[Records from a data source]
»»

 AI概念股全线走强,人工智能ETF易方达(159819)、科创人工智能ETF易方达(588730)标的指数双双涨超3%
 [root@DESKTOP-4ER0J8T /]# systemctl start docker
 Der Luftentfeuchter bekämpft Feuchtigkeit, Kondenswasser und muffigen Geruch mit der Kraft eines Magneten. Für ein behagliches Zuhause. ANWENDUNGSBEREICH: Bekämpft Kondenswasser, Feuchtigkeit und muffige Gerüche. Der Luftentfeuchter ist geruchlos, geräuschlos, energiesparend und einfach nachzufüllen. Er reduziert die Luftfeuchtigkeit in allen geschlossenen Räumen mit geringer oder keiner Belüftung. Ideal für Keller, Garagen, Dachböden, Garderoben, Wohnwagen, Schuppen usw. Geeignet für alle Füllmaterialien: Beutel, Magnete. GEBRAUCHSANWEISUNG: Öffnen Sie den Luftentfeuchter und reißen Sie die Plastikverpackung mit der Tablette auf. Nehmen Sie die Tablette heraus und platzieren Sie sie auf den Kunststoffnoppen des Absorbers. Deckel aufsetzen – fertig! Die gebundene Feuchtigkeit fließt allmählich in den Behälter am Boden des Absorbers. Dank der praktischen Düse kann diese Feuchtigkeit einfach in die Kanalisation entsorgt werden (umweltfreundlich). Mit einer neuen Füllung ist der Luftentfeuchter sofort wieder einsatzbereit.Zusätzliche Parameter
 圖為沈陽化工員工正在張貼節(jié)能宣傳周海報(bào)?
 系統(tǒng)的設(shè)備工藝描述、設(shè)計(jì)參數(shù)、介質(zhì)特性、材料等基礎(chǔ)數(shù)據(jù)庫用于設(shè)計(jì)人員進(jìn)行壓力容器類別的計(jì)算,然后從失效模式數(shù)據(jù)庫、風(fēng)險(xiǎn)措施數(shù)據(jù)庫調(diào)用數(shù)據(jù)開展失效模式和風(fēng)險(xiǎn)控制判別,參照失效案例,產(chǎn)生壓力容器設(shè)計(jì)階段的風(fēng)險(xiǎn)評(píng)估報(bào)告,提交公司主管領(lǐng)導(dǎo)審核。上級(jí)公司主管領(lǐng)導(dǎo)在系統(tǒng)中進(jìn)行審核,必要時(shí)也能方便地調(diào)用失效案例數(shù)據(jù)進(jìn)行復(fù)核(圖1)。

««

■ **YOUR OBJECTIVE**
Restate the data verbatim through the "[root@DESKTOP-4ER0J8T /]# systemctl" line.

■ **REPLY**
 AI概念股全线走强,人工智能ETF易方达(159819)、科创人工智能ETF易方达(588730)标的指数双双涨超3%
 [root@DESKTOP-4ER0J8T /]# systemctl start docker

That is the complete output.